# What the exercise asks
In this exercise, the entries below include pictures. Repeat exactly the lines from the line with "Сьогодні в Ужгороді" to the line with "use ware. |", including both, but without the pictures.

# Saved data entries
....

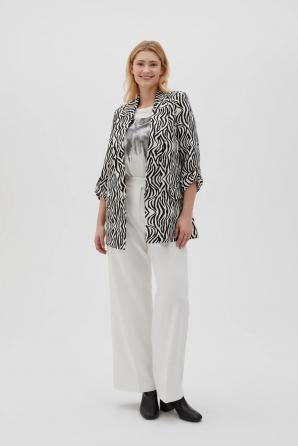 VNĚJŠÍ VRSTVA: 95 % POLYESTER, 5 % ELASTAN. PODŠÍVKA: 100 % POLYESTER. Elegantní bílé sako se zajímavým vzorem. Z lehkého materiálu, zdobené jedním knoflíkem, má jednořadý střih a délku tuniky. Perfektní pro každodenní i kancelářské použití. 3/4 rukávy s manžetami dodávají kouzlo a praktické kapsy jsou praktickým doplňkem. Výrobek vyrobený z polyesteru, s podšívkou. Toto sako bude perfektní volbou pro mnoho příležitostí, formálních i neformálních. Skvěle se bude hodit ke kalhotám i sukni a vytvoří elegantní a módní outfit. Ideální pro obchodní jednání, rande nebo večery s přáteli.
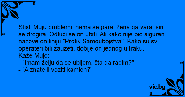 Stisli Muju problemi, nema se para, žena ga vara, sin se drogira. Odluči se on ubiti. Ali kako nije bio siguran nazove on liniju "Protiv Samoubojstva". Kako su svi operateri bili zauzeti, dobije on jednog u Iraku.
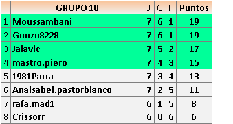 Deja un comentarioEn está página se irán publicando los resultados de las diferentes partidas, siendo ambos jugadores responsables de subirlos o de comprobar que ya hayan sido publicados insertando un COMENTARIO en la parte inferior de la pantalla (opción “Deja tu comentario”), indicando el nombre de los dos jugadores y los puntos obtenidos en la partida.
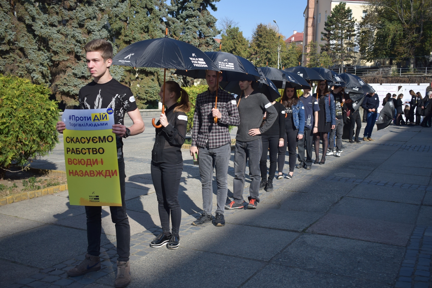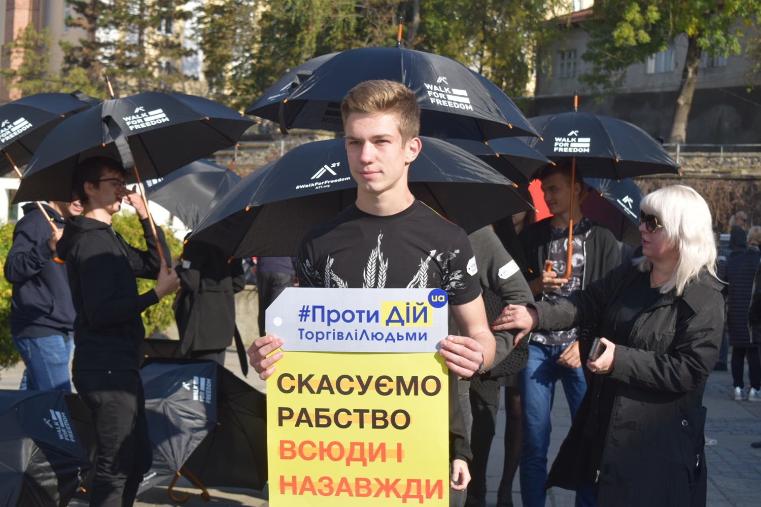 Сьогодні в Ужгороді до Дня боротьби з торгівлею людьми, який відзначаємо 18 жовтня, відбулася вулична акція «Хода за свободу». Таку акцію в обласному центрі Закарпаття провели вперше, так само вперше цьогоріч вона набула всеукраїнського характеру.
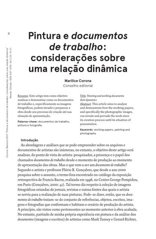 Pintura e documentos de trabalho: considerações sobre uma relação dinâmica Marilice Corona Conselho editorial Resumo Este artigo tem como objetivo analisar e demonstrar como os documentos de trabalho e, especificamente as imagens fotográficas, podem invadir e perpassar a obra desde seu processo de criação até sua situação de apresentação. Palavras-chave: documentos de trabalho, pintura e fotografia.
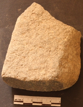 | Description / विवरण | The grinding stone has a oblique end and angular edges due to use ware. |
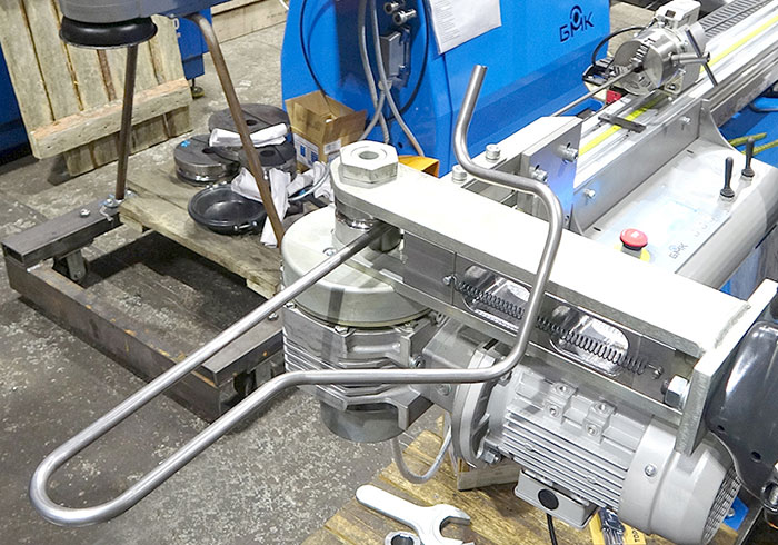 Поворот трубы в пространстве осуществляется за счет вращения штурвальчика редуктора каретки по градуировке лимба
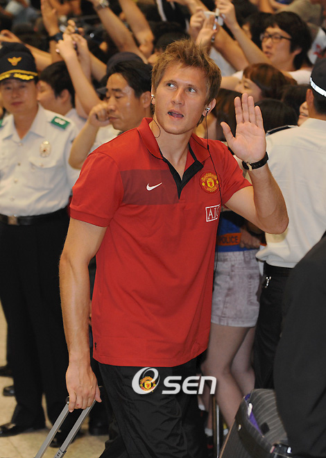 박지성이 활약하고 있는 잉글랜드 프리미어리그의 맨체스터 유나이티드가 24일 서울월드컵경기장에서 벌어질 FC 서울과의 친선 경기를 위해 한국을 방문했다. EPL서 세 해 연속 리그 우승을 차지한 맨유는 2007년에 이어 한국을 두 번째 방문했다. 맨유의 골키퍼 쿠시착이 손을 흔들어 인사하며 입국장을 나서고 있다./인천공항=김영민 기자ajyoung@osen.co.kr

....

# Problem solution
 Сьогодні в Ужгороді до Дня боротьби з торгівлею людьми, який відзначаємо 18 жовтня, відбулася вулична акція «Хода за свободу». Таку акцію в обласному центрі Закарпаття провели вперше, так само вперше цьогоріч вона набула всеукраїнського характеру.
 Pintura e documentos de trabalho: considerações sobre uma relação dinâmica Marilice Corona Conselho editorial Resumo Este artigo tem como objetivo analisar e demonstrar como os documentos de trabalho e, especificamente as imagens fotográficas, podem invadir e perpassar a obra desde seu processo de criação até sua situação de apresentação. Palavras-chave: documentos de trabalho, pintura e fotografia.
 | Description / विवरण | The grinding stone has a oblique end and angular edges due to use ware. |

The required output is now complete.